Above that is the generic messaging layer, and it’s simply a way to encode information for shipment elsewhere. There are no semantics, and the receiving entity needs to understand how the message was built in order to unpack it properly. The contents themselves aren’t standardized. We identified Xively as an example of this, but there are other standards working here as well; MQTT would be an example. DDS is another one. Note that, at this level, there may be some level of prescribed format, but there are no prescribed semantics for specific types of endpoints.
Such semantics belong in the layer above, where we find business objects. Just to clarify the difference here, let’s take 3 examples:
– In one case, a generic message protocol might be leveraged to carry, say, instructions to a thermostat. Let’s say there are a couple header bytes and then a message field. The designer could use the first byte of the message field to identify that this is going to a thermostat and the second byte could identify which thermostat, and then the following bytes would carry the instruction and any data (for instance, “set temperature to 72”). This structure has been defined for this system only, and both ends of the system need to know what the various bytes signify in order to communicate.

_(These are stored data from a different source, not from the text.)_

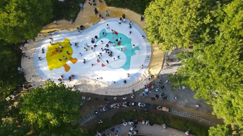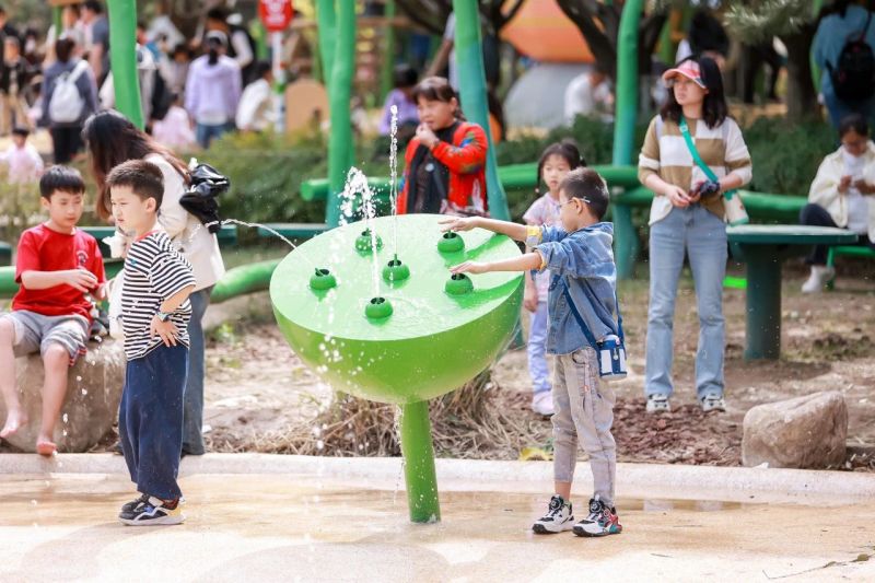 在这里,你可以沿着溪流漫步,在荷叶下休憩,看着小朋友们在草地上肆意奔跑,享受一场快乐与自由之约。如果遇上好天气,还可以与孩子们一起在喷泉中嬉戏,感受玩水带来的欢乐。
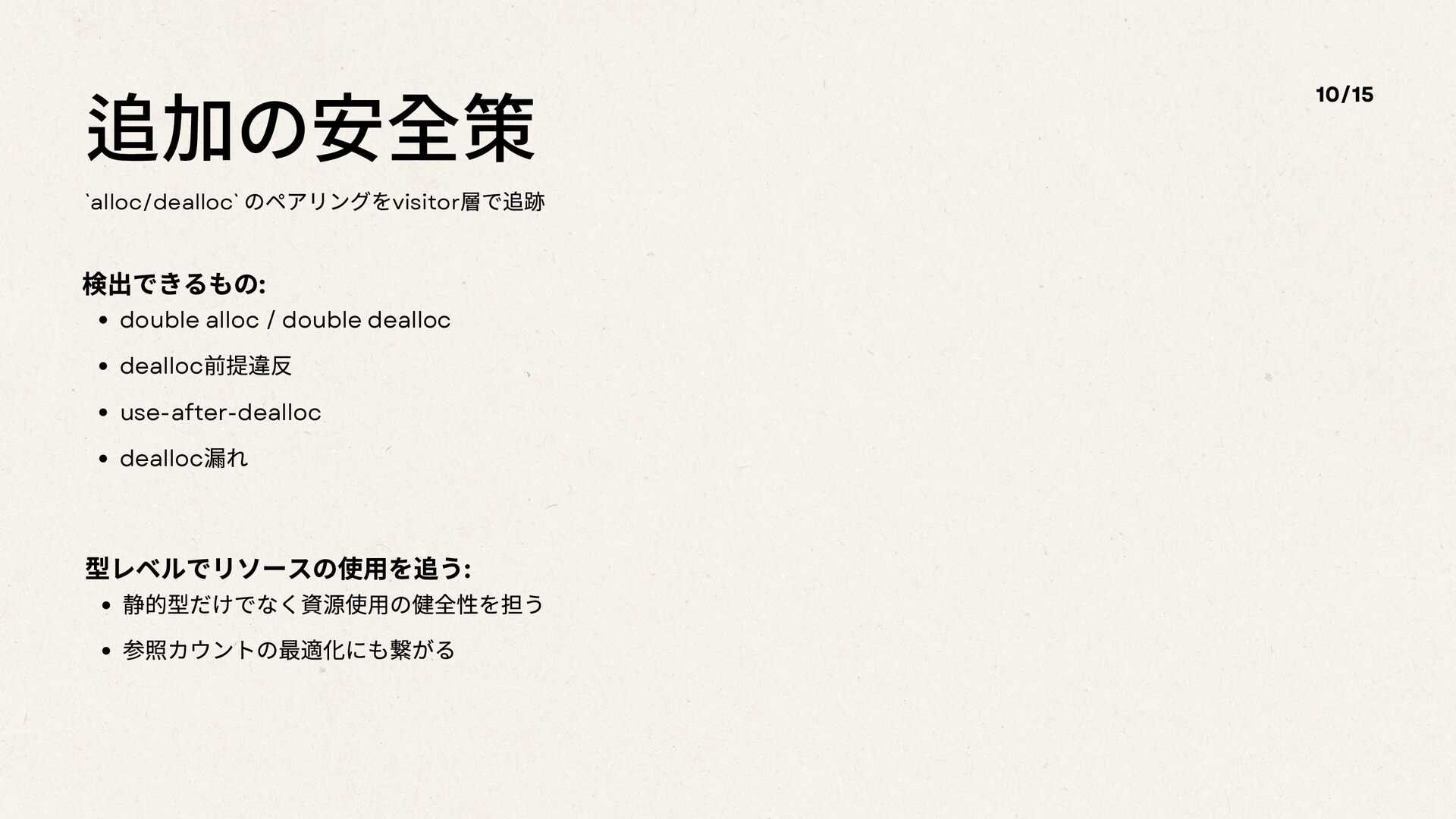 追加の安全策 `alloc/dealloc` のペアリングをvisitor 層で追跡 10/15 検出できるもの: double alloc / double
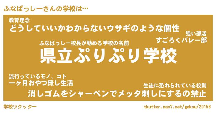 | 男性向けラノベタイトル風あだ名 | 『ふなばっしーの憂鬱』 |
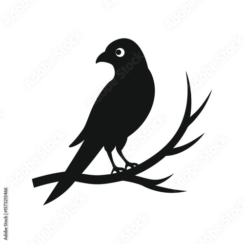 Elegant black silhouette of a distinctive water bird resting peacefully by the water's edge
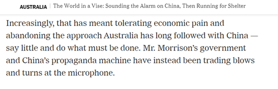 另外,《紐約時報》還在最新的這篇報道中分析説,恰恰是因為澳大利亞如此迫切地希望取悦美國,所以該國在近些年才會不顧中澳的經貿關係,處處挑釁中國,並頻繁地與中國“打嘴仗”。
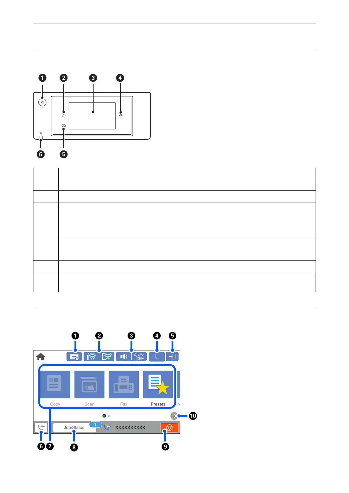 Hiermee geeft u menu's en berichten weer. U kunt het bedieningspaneel in een andere hoek zetten.
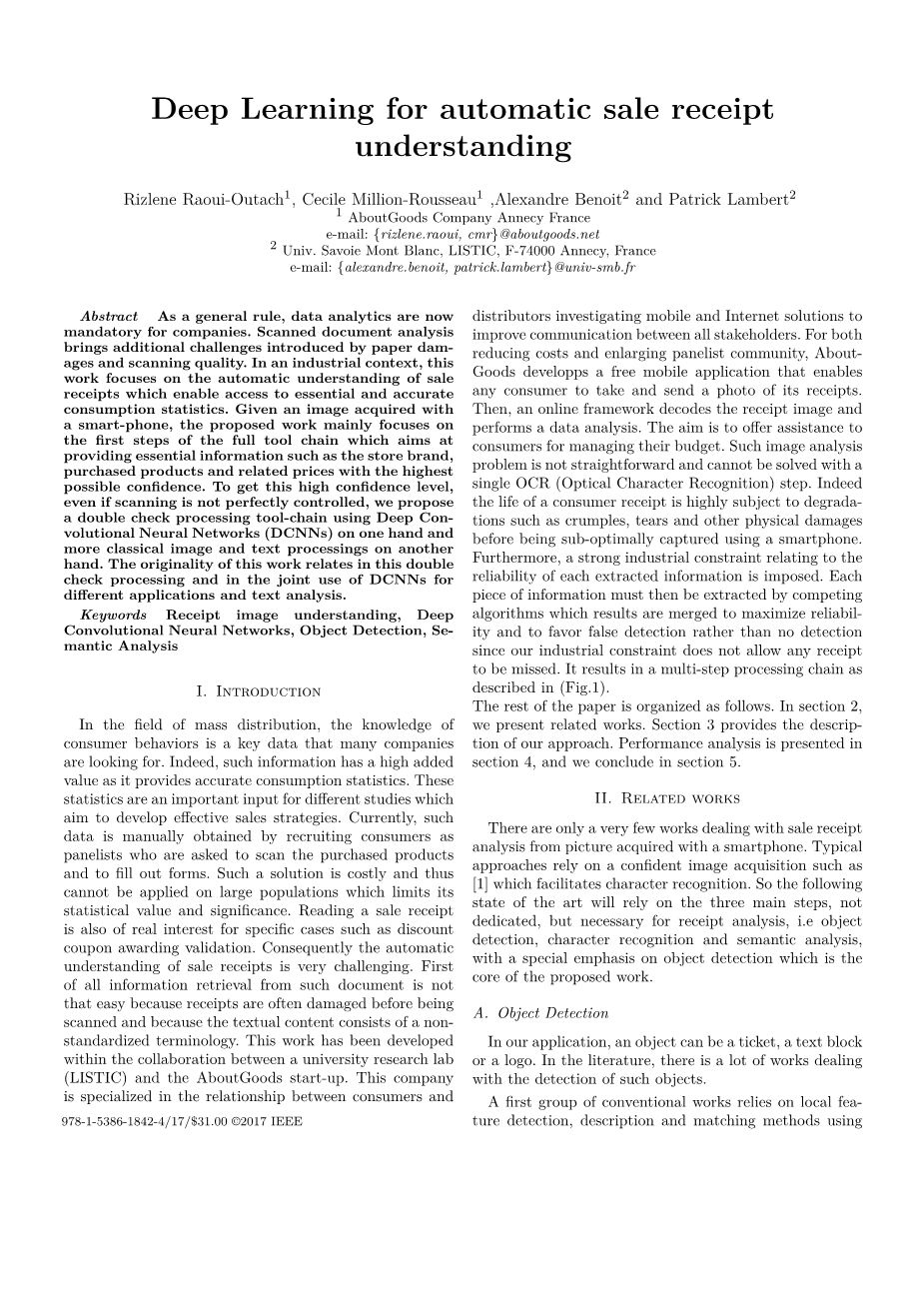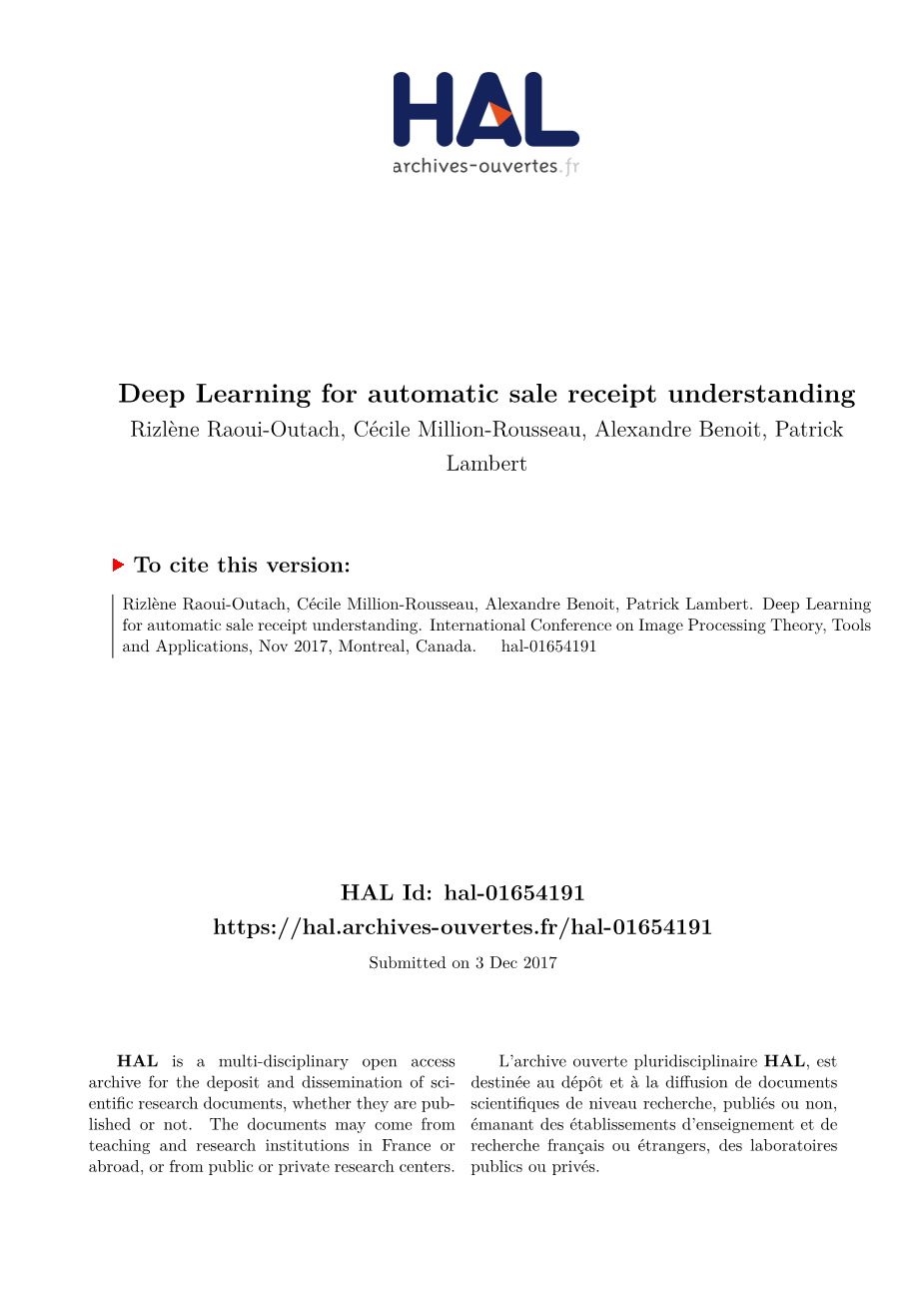 Rizlegrave;ne Raoui-Outach, Ceacute;cile Million-Rousseau, Alexandre Benoit, Patrick Lambert.基于深度学习的自动销售收据的理解。国际图像处理理论会议,工具和应用软件,2017年11月,加拿大的蒙特利尔。hal-01654191
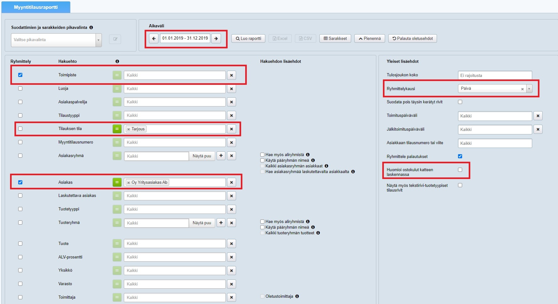 - Valitse haluamasi aikaväli ja ryhmittele tulosjoukko esim. toimipisteen tai tilauksen mukaan.

– In another case, more like DDS, there may already be a provision for generic “topics.” So, in this case, the designer could encode instructions just like above, but rather than having to build in a field for “thermostats,” he or she could simply use a thermostat topic to which interested subscribers could subscribe. The specific thermostat instructions would still be custom, but some of the infrastructure for getting the messages to interested parties is built into the protocol.
– Those prior two fall short of containing business object semantics because the thermostat-specific instructions are custom. The third example would, by contrast, include a thermostat object, and that object would have a pre-defined API. You wouldn’t “invent” codes for “set temp,” “turn on,” “turn off,” etc.; they would be part of the protocol. The benefit here is that any system talking to a thermostat from any vendor supporting the protocol would work. There’s no vendor lock-in (which may not be viewed as a benefit by some vendors).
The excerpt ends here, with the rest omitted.